■ **What is expected**
Reproduce, character for character, the lines below from the first through the one with "Sukienka z długim". Leave pictures out.

─── Record set ───

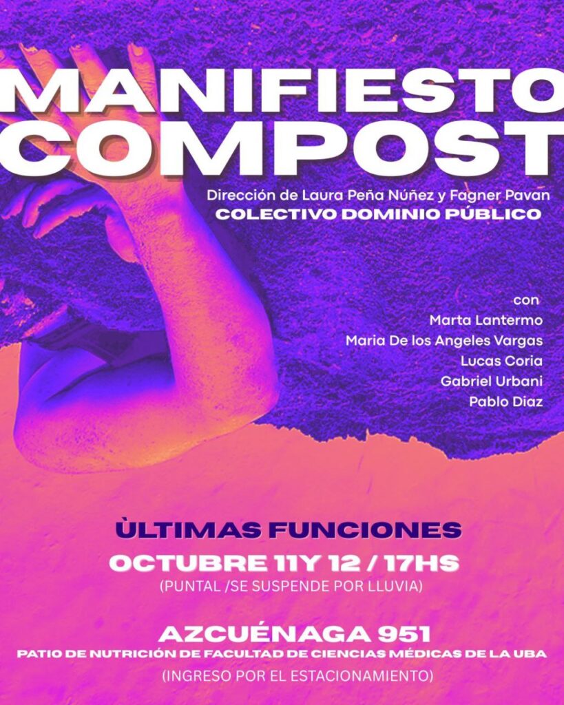 MANIFIESTO COMPOST una obra de danza y performance donde la tierra se presenta como materia de vinculación, participación y colectivización de la performance que es compartida al público y a huertas comunitarias, abriendo un ciclo de cuidado y regeneración hacia una soberanía alimentaria.
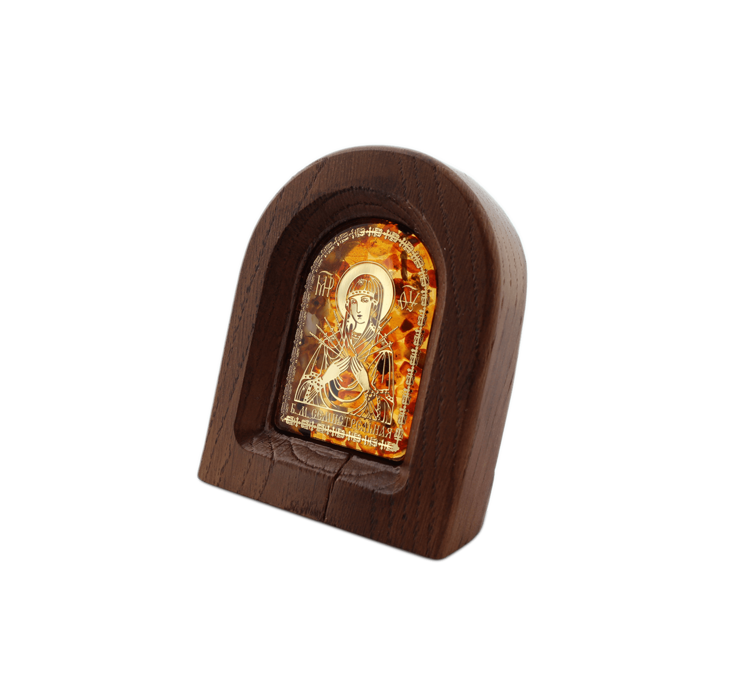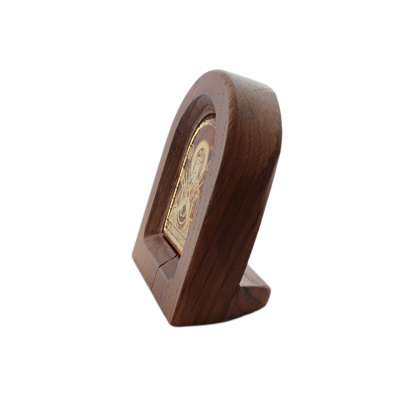Икона в деревянной арочной рамке (киоте) из дуба. Богородица Семистрельная
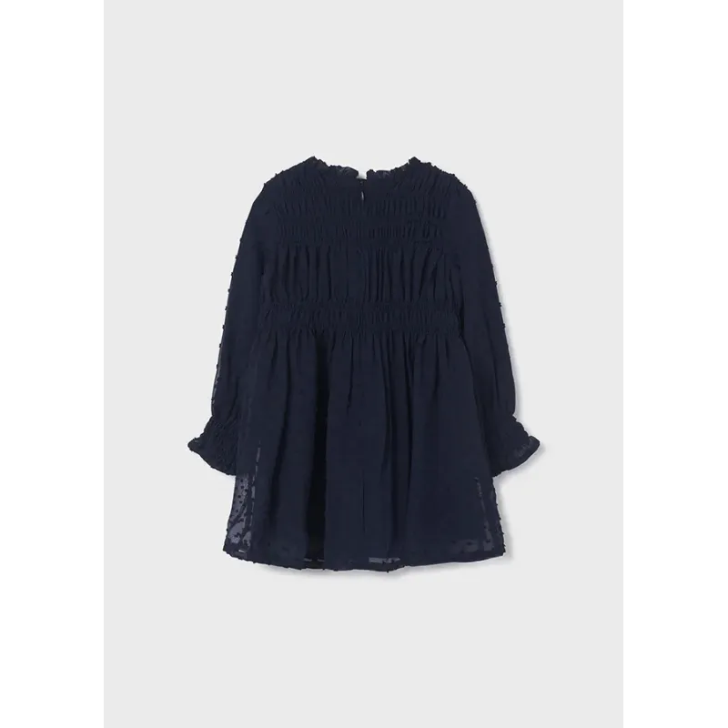 Sukienka z długim rękawem dla dziewczynki z mankietem. Okrągły dekolt. Lejąca tkanina z gazy, lekka i przewiewna. Ozdoby: falbanki, ściągacze.
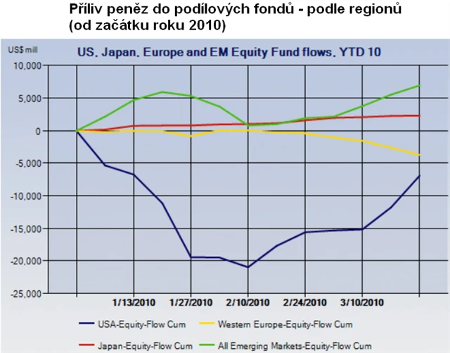 Velké nárůsty hlásily také fondy, které investují do mladých trhů, kam se řadí také Česká republika.(pozn. statistiku přílivu peněz do českých podílových fondů zveřejní Asociace pro kapitálový trh až na konci dubna)
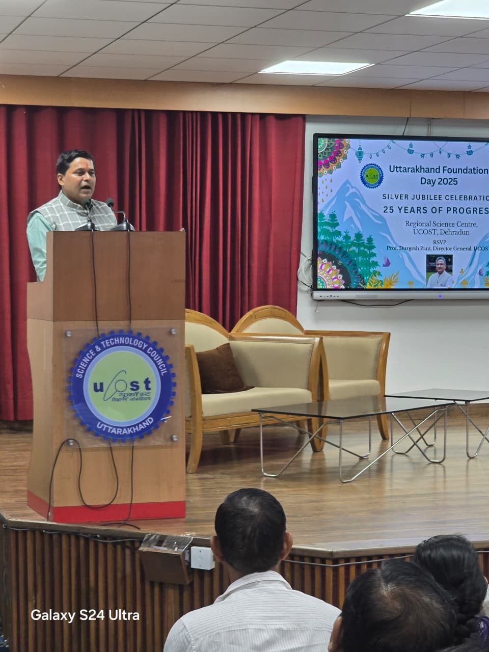 यूकोस्ट के महानिदेशक प्रो. दुर्गेश पंत ने अपने संदेश में उपस्थित अतिथियों को शुभकामनाएँ दीं और विद्यार्थियों तथा समाज में वैज्ञानिक शिक्षा और जागरूकता प्रसारित करने में यूकोस्ट और केंद्र की भूमिका की सराहना की। उन्होंने राज्य के विकास के लिए नवाचार को बढ़ावा देने और स्थानीय ज्ञान को सशक्त बनाने की आवश्यकता पर बल दिया।

───

■ **Answer**
 MANIFIESTO COMPOST una obra de danza y performance donde la tierra se presenta como materia de vinculación, participación y colectivización de la performance que es compartida al público y a huertas comunitarias, abriendo un ciclo de cuidado y regeneración hacia una soberanía alimentaria.
Икона в деревянной арочной рамке (киоте) из дуба. Богородица Семистрельная
 Sukienka z długim rękawem dla dziewczynki z mankietem. Okrągły dekolt. Lejąca tkanina z gazy, lekka i przewiewna. Ozdoby: falbanki, ściągacze.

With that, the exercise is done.